* AIM OF THE EXERCISE *
Word for word, restate the lines from the top of the records below through the line with "Set ListWelterweight - Bernie", both included, with no pictures in the result.

____________

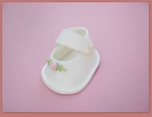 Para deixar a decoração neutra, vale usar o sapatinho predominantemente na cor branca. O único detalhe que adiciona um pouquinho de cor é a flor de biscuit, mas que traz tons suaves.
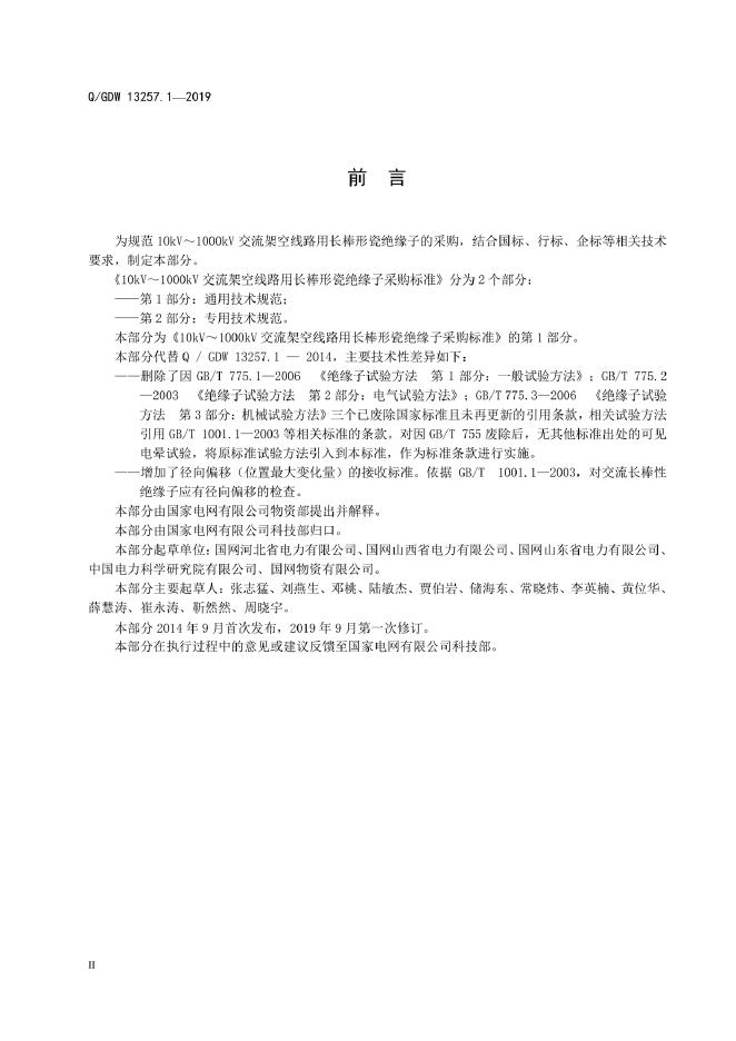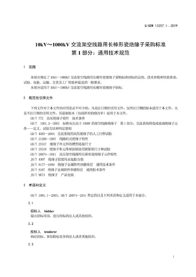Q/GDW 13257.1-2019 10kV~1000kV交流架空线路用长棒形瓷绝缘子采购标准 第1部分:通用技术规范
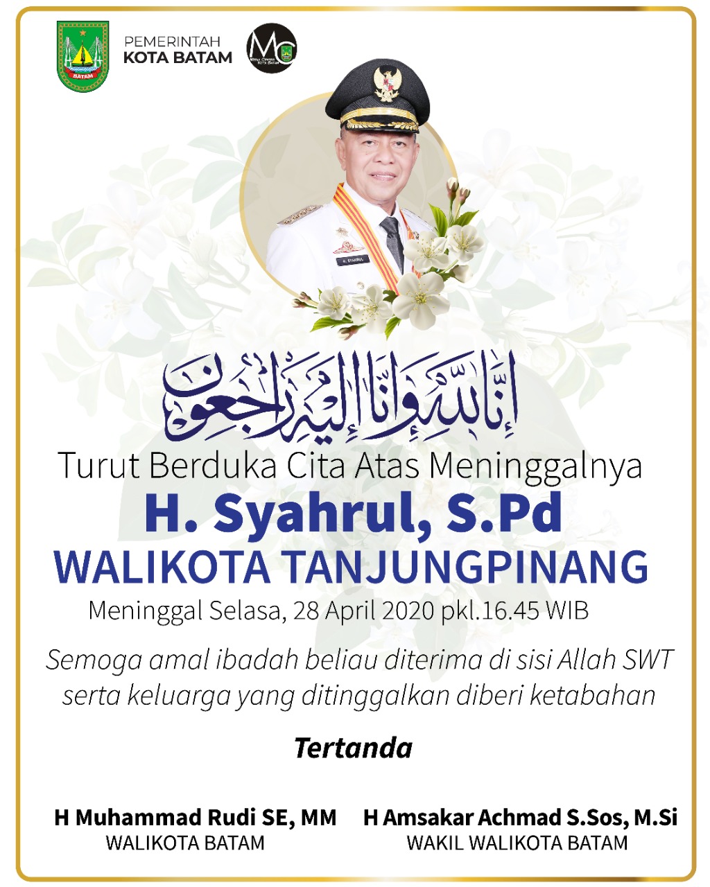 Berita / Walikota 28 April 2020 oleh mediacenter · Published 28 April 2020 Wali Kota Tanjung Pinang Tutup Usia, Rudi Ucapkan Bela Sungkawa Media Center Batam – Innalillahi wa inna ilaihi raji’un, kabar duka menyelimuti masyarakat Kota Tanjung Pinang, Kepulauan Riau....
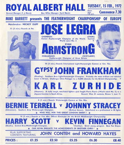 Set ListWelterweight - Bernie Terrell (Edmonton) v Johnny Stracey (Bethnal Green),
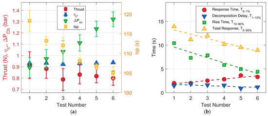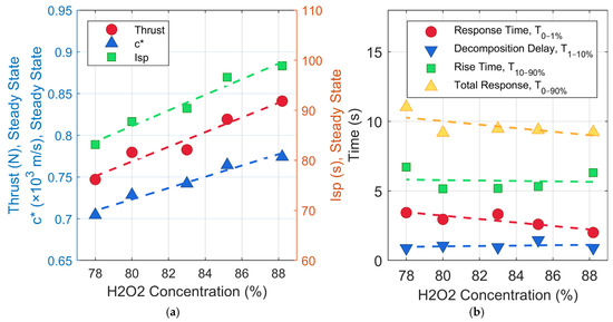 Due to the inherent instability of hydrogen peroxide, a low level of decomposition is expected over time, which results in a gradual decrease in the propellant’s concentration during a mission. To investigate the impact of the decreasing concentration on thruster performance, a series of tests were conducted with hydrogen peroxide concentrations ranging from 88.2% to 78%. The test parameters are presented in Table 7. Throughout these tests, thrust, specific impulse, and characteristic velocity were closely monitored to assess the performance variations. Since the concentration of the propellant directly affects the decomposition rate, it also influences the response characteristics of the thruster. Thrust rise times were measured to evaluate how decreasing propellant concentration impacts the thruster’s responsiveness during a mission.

____________

* EXERCISE RESPONSE *
 Para deixar a decoração neutra, vale usar o sapatinho predominantemente na cor branca. O único detalhe que adiciona um pouquinho de cor é a flor de biscuit, mas que traz tons suaves.
Q/GDW 13257.1-2019 10kV~1000kV交流架空线路用长棒形瓷绝缘子采购标准 第1部分:通用技术规范
 Berita / Walikota 28 April 2020 oleh mediacenter · Published 28 April 2020 Wali Kota Tanjung Pinang Tutup Usia, Rudi Ucapkan Bela Sungkawa Media Center Batam – Innalillahi wa inna ilaihi raji’un, kabar duka menyelimuti masyarakat Kota Tanjung Pinang, Kepulauan Riau....
 Set ListWelterweight - Bernie Terrell (Edmonton) v Johnny Stracey (Bethnal Green),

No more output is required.